The shift from a lecture-drill-recall paradigm to one focused on engaged deep-processing can be achieved only through long-term evolution. This is not a one-term project. It is a multi-year arc.

A teacher attempting the shift should plan for it as a sustained effort, not as a quick rebrand. Year one shifts assumptions and starts re-designing one unit. Year two extends the redesign to more units. Year three deepens the work and begins to influence colleagues. The change compounds.

Emphasis on philosophy

The reflective practitioner has the opportunity to place a major emphasis on a detailed formulation of philosophy. The philosophy highlights the essential role of thinking in the acquisition of knowledge and contrasts lower-order with higher-order learning.

A teacher who can articulate why this work matters has more chance of sustaining the work and persuading others. A teacher who only adopts new techniques without the underlying philosophy tends to revert when the pressure goes up.

The contrast in outcomes

The two paradigms produce different outcomes for students.
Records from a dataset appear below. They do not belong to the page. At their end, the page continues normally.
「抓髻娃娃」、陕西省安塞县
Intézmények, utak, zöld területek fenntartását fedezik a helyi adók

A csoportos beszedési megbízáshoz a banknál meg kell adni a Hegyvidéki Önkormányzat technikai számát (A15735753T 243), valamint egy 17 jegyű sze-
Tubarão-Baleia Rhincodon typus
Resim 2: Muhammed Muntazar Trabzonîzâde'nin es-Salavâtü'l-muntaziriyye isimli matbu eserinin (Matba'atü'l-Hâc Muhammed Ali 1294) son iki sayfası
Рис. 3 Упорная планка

Higher-order learning multiplies comprehension and insight. Students who genuinely understand a topic see its connections to other topics, can apply it in unfamiliar contexts, and develop a confidence in their own thinking.
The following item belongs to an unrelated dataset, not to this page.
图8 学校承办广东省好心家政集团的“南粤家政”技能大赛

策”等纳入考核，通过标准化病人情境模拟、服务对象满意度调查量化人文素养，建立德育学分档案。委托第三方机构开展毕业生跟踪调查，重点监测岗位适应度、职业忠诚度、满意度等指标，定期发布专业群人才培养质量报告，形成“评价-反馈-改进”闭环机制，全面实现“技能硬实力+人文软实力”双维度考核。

Lower-order rote memorisation and performance multiply misunderstanding and prejudice. Students who only recall surface content carry confused versions of ideas into the world, where the confusion produces poor decisions and reinforces stereotypes.

Higher-order learning stimulates and empowers. Students who think for themselves develop the capacity to keep thinking after they leave school.
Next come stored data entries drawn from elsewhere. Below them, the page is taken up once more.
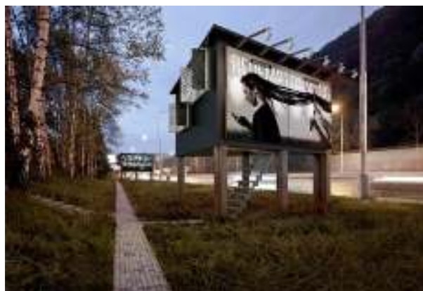
Рисунок 1г – Будинок на рекламному щиті – соціальний проект словацьких архітекторів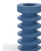
Referência da variação: 83 25SLBLEU A SH30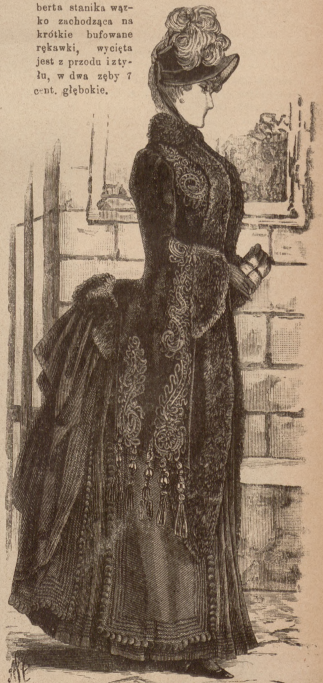
N. 10. Okrycie do spacerowego ubrania. Patrz r. 23-24 w N-rze 48.

Lower-order discourages and limits the learner. Students who never had to think for themselves leave school dependent on authoritative voices to tell them what is true.

The contrast is not subtle. The two paradigms produce different kinds of citizens.

Good teaching

The summary in the literature is direct. Good teaching focuses on high content, basic ideas, and issues taught in ways that actively engage student reflection and thought.

Three things are in this short statement.

High content. The material is substantial, not watered down.

Basic ideas and issues. Not many topics, but the foundational concepts.

Active engagement of student reflection and thought. The students are doing the work.

A teacher whose lessons meet this description is teaching for higher-order learning. A teacher whose lessons miss any of the three is teaching to the older model.

Flashcard
What four basic changes does the paradigm shift to a critical model of education require?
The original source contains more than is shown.